A speech translation system would typically integrate the following three software technologies: automatic speech recognition (ASR), machine translation (MT) and voice synthesis (TTS).

The speaker of language A speaks into a microphone and the speech recognition module recognizes the utterance. It compares the input with a phonological model, consisting of a large corpus of speech data from multiple speakers. The input is then converted into a string of words, using dictionary and grammar of language A, based on a massive corpus of text in language A.

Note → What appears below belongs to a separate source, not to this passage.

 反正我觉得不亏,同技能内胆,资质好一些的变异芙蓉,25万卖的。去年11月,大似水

The machine translation module then translates this string. Early systems replaced every word with a corresponding word in language B. Current systems do not use word-for-word translation, but rather take into account the entire context of the input to generate the appropriate translation. The generated translation utterance is sent to the speech synthesis module, which estimates the pronunciation and intonation matching the string of words based on a corpus of speech data in language B. Waveforms matching the text are selected from this database and the speech synthesis connects and outputs them.

History

In 1983, NEC Corporation demonstrated speech translation as a concept exhibit at the ITU Telecom World (Telecom '83).

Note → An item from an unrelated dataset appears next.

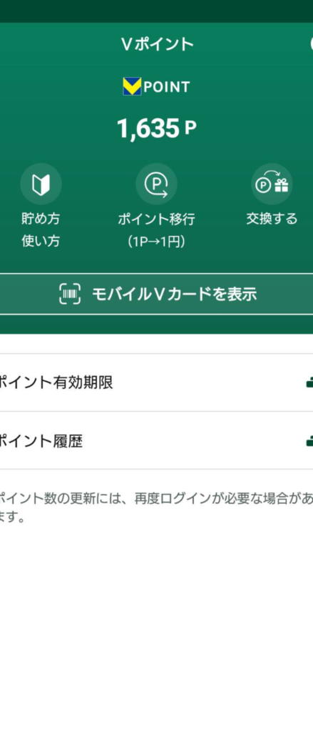 | Vポイント | 1,635p | 三井住友カードの積立や月々の支払いのメインカードです。割とこまめに支払いに充てる等して使用しているイメージです。 |

The first individual generally credited with developing and deploying a commercialized speech translation system capable of translating continuous free speech is Robert Palmquist, with his release of an English-Spanish large vocabulary system in 1997. This effort was funded in part by the Office of Naval Research To further develop and deploy speech translation systems, in 2001 he formed SpeechGear, which has broad patents covering speech translation systems.

In 1999, the C-Star-2 consortium demonstrated speech-to-speech translation of 5 languages including English, Japanese, Italian, Korean, and German. .

In 2015, was developed Blabber Messenger - speech translator for 23 languages.

Features

Apart from the problems involved in the text translation, it also has to deal with special problems occur in speech-to-speech translation, incorporating incoherence of spoken language, fewer grammar constraints of spoken language, unclear word boundary of spoken language, the correction of speech recognition errors and multiple optional inputs. Additionally, speech-to-speech translation also has its advantages compared with text translation, including less complex structure of spoken language and less vocabulary in spoken language.

Research and development

Research and development has gradually progressed from relatively simple to more advanced translation. International evaluation workshops were established to support the development of speech-translation technology. They allow research institutes to cooperate and compete against each other at the same time. The concept of those workshop is a kind of contest: a common dataset is provided by the organizers and the participating research institutes create systems that are evaluated. In this way, efficient research is being promoted.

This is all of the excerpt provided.